Where does Nemotron Super sit in the full leaderboard?
[Observed — combined campaign data]
| Rank | Model | Score | Cost/pass |
|---|---|---|---|
| 1 | Claude Sonnet 4.6 | 28/30 | $0.0514 |
| 1 | GLM-4.7 | 28/30 | $0.00380 |
| 1 | MiniMax M2.1 | 28/30 | $0.00258 |
| 1 | DeepSeek V4-Flash | 28/30 | $0.00143 |
| 1 | Ministral 3 8B | 28/30 | $0.00067 |
| 6 | Mistral Large 3 675B | 27/30 | $0.00213 |
| 6 | MiniMax M2.5 | 27/30 | $0.00240 |
| 6 | Devstral 2 | 27/30 | $0.00190 |
| 6 | GLM-5 | 27/30 | — |
| 6 | Claude Haiku 4.5 | 27/30 | $0.00316 |
| 11 | GLM-4.7 Flash | 25/30 | $0.00057 |
| 11 | GPT-OSS 20B | 25/30 | — |
| 13 | MiniMax M2 | 24/30 | $0.00417 |
| 14 | OpenAI GPT-OSS 120B | 23/30 | $0.00087 |
| 15 | Kimi K2 Thinking | 12/30 | $0.00440 |
| 16 | NVIDIA Nemotron Super 120B | 11/30 | $0.00154 |
| 17 | NVIDIA Nemotron Nano 30B | 10/30 | $0.00079 |
Nemotron Super 3 120B sits 16th, one point below Kimi K2 Thinking (12/30), above only Nemotron Nano 30B (10/30). At 120B parameters and 12B active, it is the largest model in the dataset by total parameter count that does not surpass 40% pass rate.
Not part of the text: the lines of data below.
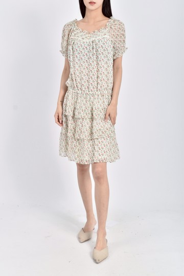 綠荷微風碎花雪紡層次裙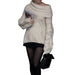 Bxoxo Women y2k Loose Knit Sweater Solid Color Long Sleeve Boat Neck Off Shoulder Pullovers Fall Winter Casual Jumpers Streetwear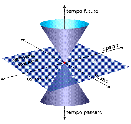 Per ovviare al problema dell'estrema difficoltà di rappresentare in un piano a due dimensioni (il foglio di carta o lo schermo) uno spazio a 4 dimensioni in questo diagramma sono state rappresentate solo le due dimensioni spaziali che formano il piano del presente e la dimensione temporale disposta "verticalmente".

What did the predictions get right?
[Observed — predictions scored against results, verified: predictions/nvidia-nemotron-super-3-120b-agentic-core-v1.md]
| Prediction | Result |
|---|---|
| P1: Score 10-15/30 | Pass: 11/30 |
| P2: task_03 and task_04 both 0/3 | Fail: task_03 scored 1/3 |
| P3: task_07 scores 0/3 | Fail: task_07 scored 1/3 |
| P4: Cost $0.013-$0.025 | Pass: $0.017 |
| P5: Nemotron stays 5+ pts below GPT-OSS 120B | Pass: 12-pt gap (11 vs 23) |
| P6: task_10 scores 3/3 | Pass: 3/3 |
4/6. The range prediction was right (10-15/30). The structural ceiling on GPT-OSS comparison was right. The two misses were in the same direction: task_03 and task_07 both came in at 1/3 instead of 0/3. Nemotron slightly outperformed on both while the total fell by 1. The score point accuracy on those tasks was off; the macro picture was accurate.
What we do not know yet
[Speculation]
Whether task_09’s 2/3 result in the second run will hold on a third campaign. Two passing runs across two independent campaigns is more evidence than 1 passing run, but task_09 is a 3-run task. The current evidence (1/3 then 2/3) shows improvement. Whether Nemotron has a reliable impossibility gate or whether 2/3 is the upper bound of sampling variance requires at least one more campaign result.
[Speculation]
Whether a Nemotron variant with stronger instruction-following post-training would close the gap with GPT-OSS 120B on execution-heavy tasks without sacrificing the task_09 strength. The current model appears to trade executor breadth for analytical depth. A different post-training mix could shift that tradeoff — but that model is not in the dataset.
[Speculation]
The task_01 regression (2/3 to 0/3) is the biggest per-task movement in this campaign. The model went from passing 2 of 3 fix-failing-test runs in run 1 to passing 0 in run 2, at 1.0 average tool calls. Whether this is sampling variance on a task that is at the edge of Nemotron’s capability, or a repeatable shallow-engagement failure, would require a third campaign to separate.